Fact: It’s never too early to refine your approach to essay writing to crush it on the bar. These tips will help you gear up to write some practice essays during bar prep, and maximize the points you grab from the board of bar examiners during the big show.
Two Types of Questions
There are Multistate Essay Examination (MEE) questions and essays written by the state board of bar examiners. Know which type you will encounter, because the rules and topics will vary. MEE questions are written be the National Conference of Bar Examiners (NCBE) and are graded by state bar examiners. The state essay questions are written by the particular state’s board of bar examiners and/or practicing attorneys and will be graded by the same. The amount of time allotted for each question will vary depending on where you are testing. MEE bar takers are typically given 30 minutes per essay, but some states allow 30-60 minutes for responses. Knowing how much time you have to answer will help you develop an attack strategy. The subject that might be tested will also vary between MEE states and state-specific exams.
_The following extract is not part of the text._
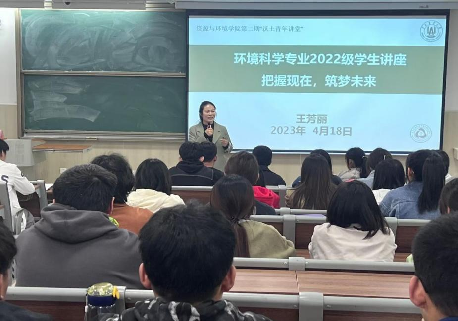 王芳丽以“把握现在,筑梦未来”为题,结合自身成长经历,语重心长地告诉同学们要树立正确且积极的学习观,专业观和职业观。她首先指出,环境科学专业是一个有责任有前途的专业,在国家利好政策的有力推动下,行业发展前景广阔。对于未来能够从事的就业选择去向,她以往届毕业生就业为例,为同学们分析了专业前景和就业方向,启发了同学们的就业意识。其次,在专业认知层面,她运用思维导图清晰地向同学们展现出专业关键信息,介绍了农业面源污染与环境治理的知识,拓宽了同学们的专业视野,激发了专业学习兴趣,巩固了专业学习思想。随后,她结合专业特色、培养方案,建议同学们在学习过程中早做规划,打好基础,全面提高自身素质;鼓励同学们要勤于学习,培养科研兴趣和能力,争取深造,实现更好的职业发展;最后,她强调指出,作为一名资环人,应该要树立学科自信和家国情怀,要掌握扎实的专业学识能力,为祖国的绿水青山事业,做出自己的积极努力,成为致力于国家生态环保事业的高素质专业人才。

Learning what you will face is critical, so do your homework early.
The Question is Calling
Issue spotting is king. If you don’t know what the bar examiners are looking for, you will only stumble into those points. There are typically three types of questions: general multi-issue, issue-specific, and interrogatories.
With the multi-issue questions, the call of the question will be pretty general. For example, the question will present you with a client who needs your advice in a particular area of law and ask for a memo discussing the client’s rights and remedies.
The issue-specific questions will have a more tailored call of the question with one to three issues that you will need to analyze. These questions will require a more succinct analysis. For example, the question will ask: What, if any, liability does a client face under the circumstances described in the fact pattern.
The interrogatory-based questions will look like the short-answer questions you have grown to love in law school exams. An example might be: Explain whether the officer’s seizure of evidence from the suspect’s living room violated the suspect’s constitutional rights.
How to Approach
In my experience, it has really helped to know where I am going to end up before I set out to answer the question. This might reduce rambling, save you precious time, and keep you focused on the call of the question.
- Start with the question and the last one or two sentences before the question.
- Next, read the facts. It makes sense to underline, highlight, or make notes (if possible) to help with the next step.
- After that, quickly outline the issues. Follow the basic IRAC/CRAC format. The bar examiners know this structure and can quickly consume your answer if you present an organized, familiar response pattern.
- Finally, begin writing by filling in your narrative around the outline you drafted. If you run out of time, the outline that you drafted might get you a few points.
Short and Sweet
The bar examiners will spend, on average, about five minutes grading each response, so be concise. Your response needs to be fuller than a basic outline, but shorter than War and Peace.
It is fine to start your response with a short conclusion, or, believe it or not, a single word issue statement (e.g. Battery, Custody, etc.) will suffice and get you the points for issue identification. The points here are limited so be succinct.
State the rule clearly and provide the context for the rule in your response. Of course, the lion’s share of the points will come from your analysis, but if your rules are wrong, you are going to struggle to get the points. To be brief, it’s fine to list elements and factors using numbers or bullets. It’s also acceptable to underline the rule statements to bring attention to them for the grader. Finally, abbreviations are okay, but be careful. If it’s not commonly used (e.g. K for contract) the bar examiner may not know what you’re talking about without a parenthetical definition.
It can be an effective trick to signal that you are beginning your analysis. Start with “Here…” or “In this case…” to make it abundantly clear. This is a great way to announce where you are at in the process. Use the rules listed in the rule section as a checklist and to make sure that you are using facts from the fact pattern in your analysis. In a sense, it’s like what your grade school teachers always told you, “show your steps.” Using transition words will also help the grader follow along. Finally, it is a good idea to provide counter-arguments to show that your knowledge and mastery of the rules is comprehensive. Analysis is where you maximize the bang for your buck!
Start your conclusion with the word “therefore” or “in conclusion” to make sure the grader knows exactly where they are in the response journey. It is okay to say something is “likely” or “unlikely,” but it’s not okay to add random facts or rules in the conclusion. Like everything else, keep your response short and sweet.
Remember who you are writing for and how they will consume your response and write accordingly. Long paragraphs are hard to read, so keep it short and use headings. Don’t be overly conclusory; your job is to explain, explain, explain. Absolutely don’t write words like “I think,” “I believe,” or use personal pronouns. Be a legal analysis machine. You got this!